こいろり!
02.お嬢様との出会い
「お前、2年だよな?なんだよその頭はさぁ」
「その目付き、メチャクソ、生意気なんだよっ」
校舎裏のごみ捨て場の建物の後ろはとにかく雰囲気が悪い。
目の前には同じ制服を着る男子生徒が2人。
上履きの色から3年。
人気がない死角になっているその場所は、普段 生徒は通らない。教師も滅多にこない。
気付いても仲裁になんてこないだろう。
胸ぐらを掴まれてグイッと持ち上げられると同時に、壁にぶつかり背中に鈍い痛みが走った。
「わりーわりー、手が滑っちまった」
うひゃひゃひゃ、と下品な笑い声がその場に響き渡る。1人に後ろから両腕を押さえられ、もう1人が拳を振り上げた。

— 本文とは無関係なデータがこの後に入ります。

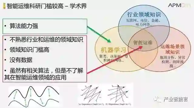 虽然学术界研究人员的算法能力相对较强,但是他们往往不熟悉行业和运维领域的相关知识。而智能运维处于三个领域的交叉部分。这就导致智能运维的门槛比较高,需要花大量的时间和精力才能进入智能运维领域。

口の中に血の味が広がっていくから、内側の肉が切れたんだろうな。
「ごめんなー、こいつ手癖悪くてさぁ」
「あー、また手が滑っ…」
────ガン!!!
今度は頭に鈍く震えるような痛みが走る。
俺がクソ3年の顔面を頭突きしてやった痛みだ。
「1人じゃ喧嘩もできねーんすか?先輩として恥ずかしいっすねぇ」
あー、ムカツク。コイツら自業自得だよな?ニイッと自身の口元を緩めてパキッと指の関節をならした。